To do a scheduled reboot at midnight put to following code into the system contrab file /etc/crontab

```
@midnight root /sbin/shutdown -r now
```
I have not tested this, but it should work. For more information see crontab(5)


----------



## wblock@ (Oct 14, 2011)

`# shutdown -r now`
is preferred because it allows services to stop cleanly.

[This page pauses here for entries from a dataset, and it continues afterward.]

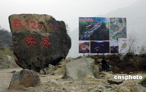 “5·12”8级大地震震中汶川县映秀镇山体滑坡滚下一块巨石,有关部门在巨石上刻字作为地震遗物保护,图右是未来映秀镇未来的规划图。严冬时节,过往行人纷纷留步此间驻足观看映秀的过去和将来。中新社发 肖龙联 摄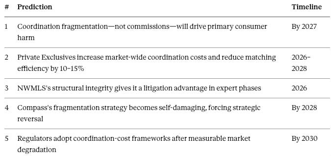 A Foresight Simulation of Coordination Costs, Antitrust Exposure, and the NWMLS Litigation Trajectory (2025–2030)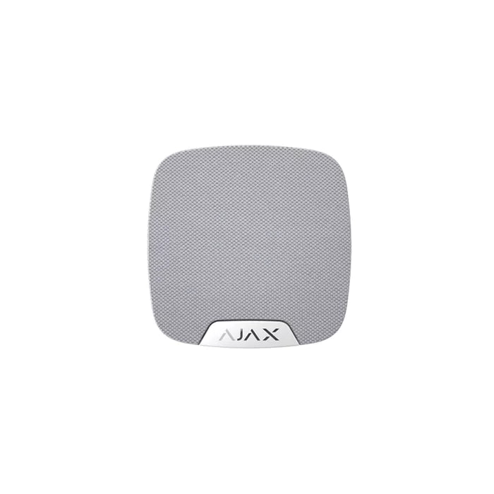 Ajax HomeSiren is an indoor siren that provides an audible alert when detectors trigger an alarm. Its sound level and duration can be adjusted to suit the location, while an LED indicates armed status. HomeSiren can also be used with an external LED for visual signaling.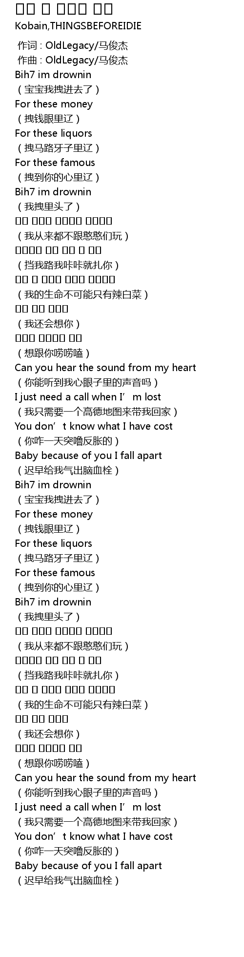 | [00:00.000] | 作词 : OldLegacy/马俊杰 |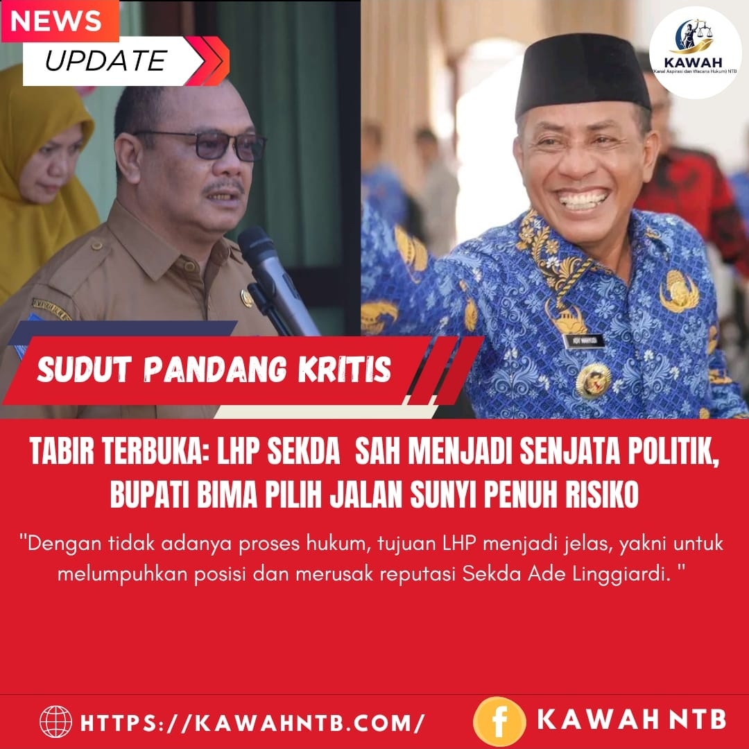 BIMA, 12 Agustus 2025 || Kawah NTB – Misteri arah politik Bupati Bima, Ady Mahyudi, terkait Laporan Hasil Pemeriksaan (LHP) Sekretaris Daerah (Sekda) Bima, Ade Linggiardi, akhirnya terjawab sudah. Namun, jawaban itu tidak datang dari konferensi pers atau langkah hukum yang tegas, melainkan dari kebisuan yang memekakkan. Sikap diam yang dipertahankan Bupati secara definitif telah mengonfirmasi skenario terburuk yang dianalisis publik: LHP tersebut telah final menjadi alat eksekusi politik, bukan instrumen penegakan supremasi hukum.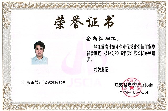 公司1位同志被授予“江蘇省優秀建造師”榮譽稱號 時間:2017-12-12 3898 日前,江蘇省建筑行業協會下發了《關于2016年度江蘇省建筑業優秀建造師的決定》,公司余新江同志位列榜單,榮獲表彰,被授予“江蘇省優秀建造師”榮譽稱號。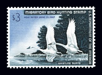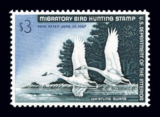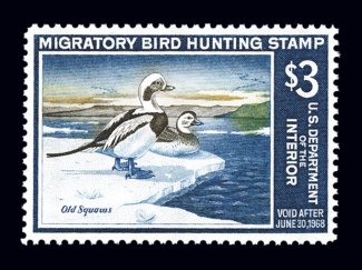 856 nh RW34 image#RW34, 1967 $3.00 Multicolored, large well balanced margins, rich colors, o.g., n.h., extremely fine and quite choice; 2006 PSE certificate (XF 90; SMQ $180.00). (Image) $125.00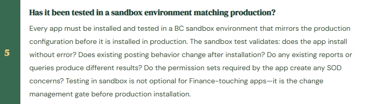 Finance teams often discover AppSource apps through Microsoft marketing, partner recommendations, or colleague referrals and want to “just try it” in production. An AppSource app installation in production is a configuration change that could affect posting behavior, financial data, report output, or user access—it must go through the same change management process as any other configuration change. The evaluation framework Finance should apply to every AppSource app under consideration: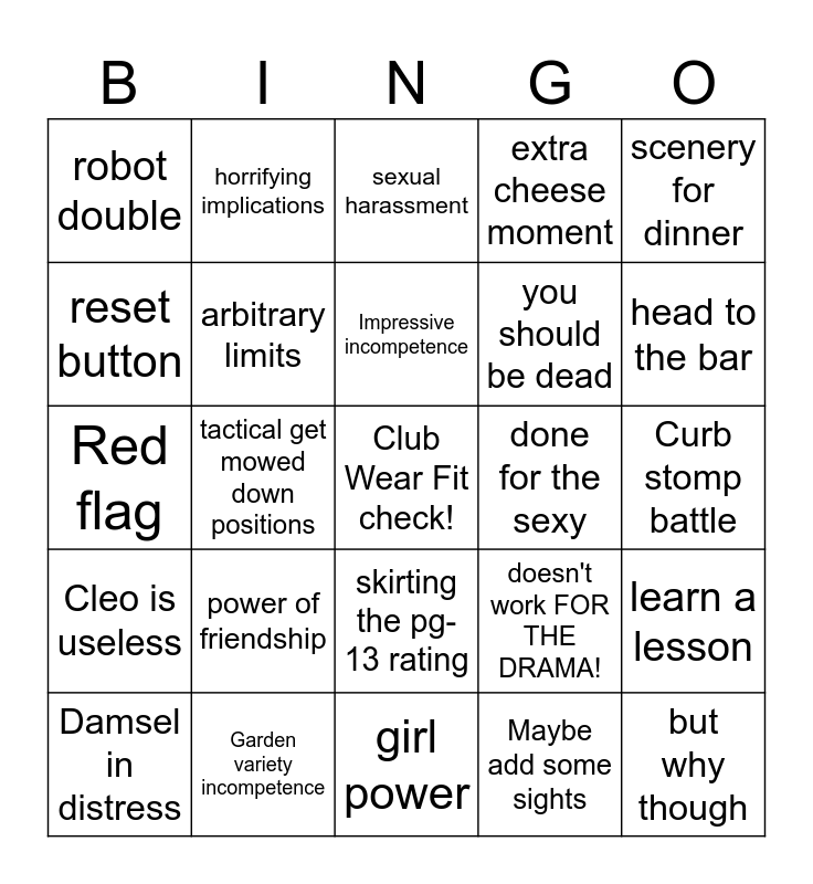 This bingo card has a free space and 31 words: girl power, that's convenient, tactical get mowed down positions, cheesy dialogue, robot double, sexual harassment, arbitrary limits, doesn't work FOR THE DRAMA!, done for the sexy, Maybe add some sights, Curb stomp battle, but why though, musical interlude, unnecessary mistrust, head to the bar, stupid plan, learn a lesson, power of friendship, Cleo is useless, skirting the pg-13 rating, scenery for dinner, misogyny, Damsel in distress, horrifying implications, you should be dead, reset button, extra cheese moment, Red flag, Garden variety incompetence, Impressive incompetence and authority figures are useless.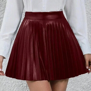 Burgundy Casual Women's High Waist Pleated Faux Leather Mini Skirt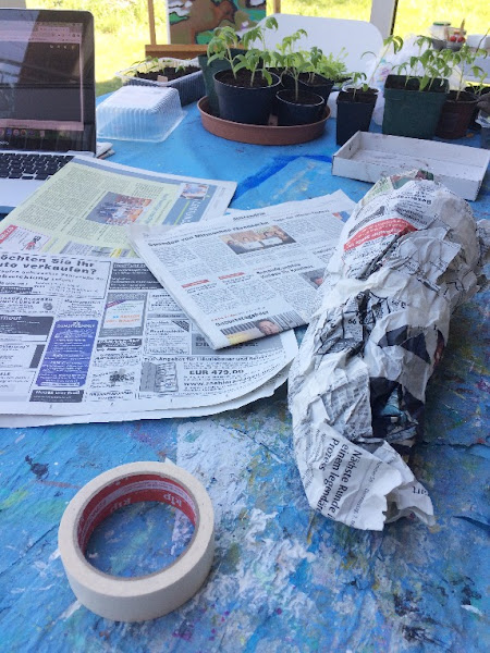 Yo comienzo así mis proyectos, haciendo las primeras formas con papel periódico arrugado, que voy pegando con cinta (de enmascarar) de forma muy burda, lo que me interesa es tener los tamaños (proporciones) primero.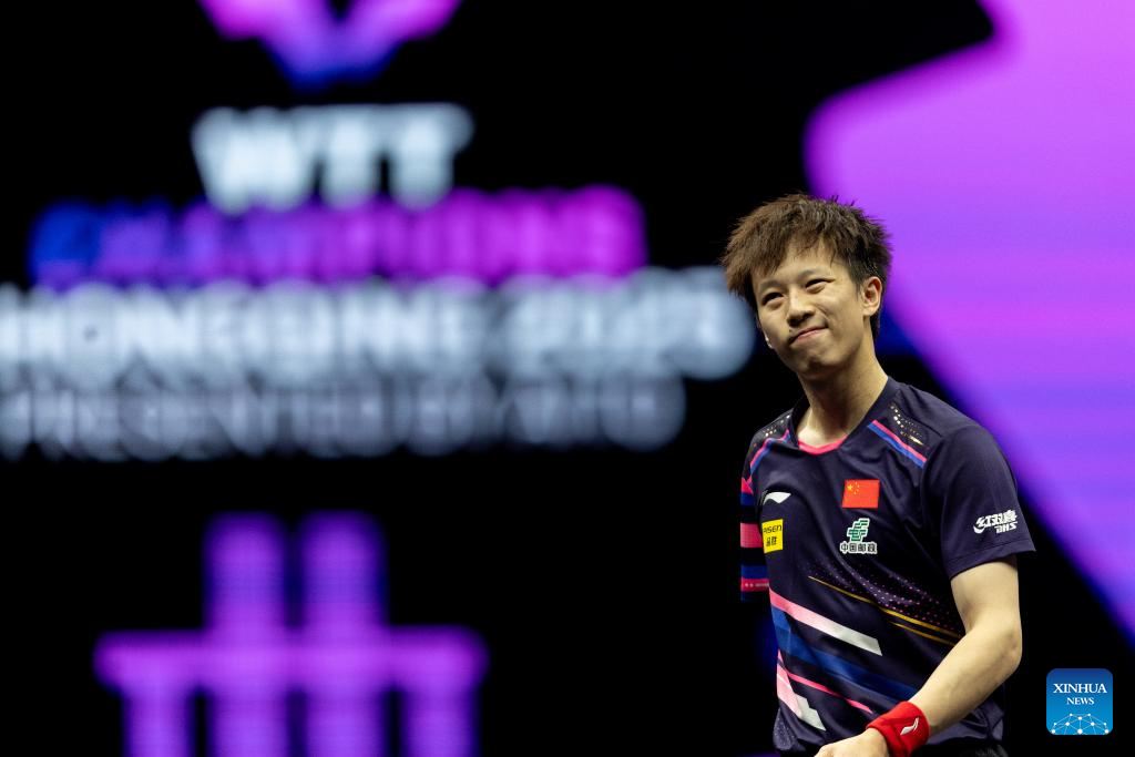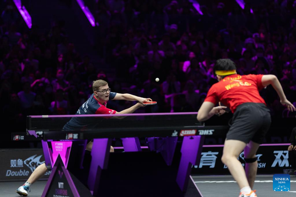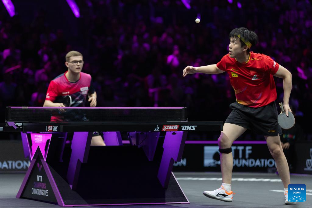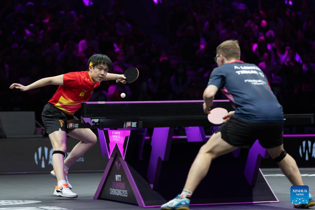 Wang Chuqin (L) hits a return during the men's singles round of 16 match between Wang Chuqin of China and Alexis Lebrun of France at the WTT Champions Chongqing 2025 in Chongqing, southwest China, March 14, 2025. (Xinhua/Huang Wei)

Fixing the problem is better yet.  Clearly it's not a hardware problem.  With extra machines, finding the software problem shouldn't be too hard.  Set up one machine for a test, make sure it crashes on schedule, change one thing at a time until it doesn't crash on schedule.


----------



## Alt (Oct 14, 2011)

Better if you will do
	
	



```
shutdown -r +5
```
This will broadcast to users about reboot in 5minutes, so they can save their work


----------



## mfaridi (Oct 14, 2011)

thanks all guys , but my server is NAT and samba server and I want reboot in midnight when nobody work  with their system and and they are in house . if I find way to solve this problem it is better than reboot system before 26  hours


----------



## mfaridi (Oct 14, 2011)

wblock@ said:
			
		

> `# shutdown -r now`
> is preferred because it allows services to stop cleanly.
> 
> Fixing the problem is better yet.  Clearly it's not a hardware problem.  With extra machines, finding the software problem shouldn't be too hard.  Set up one machine for a test, make sure it crashes on schedule, change one thing at a time until it doesn't crash on schedule.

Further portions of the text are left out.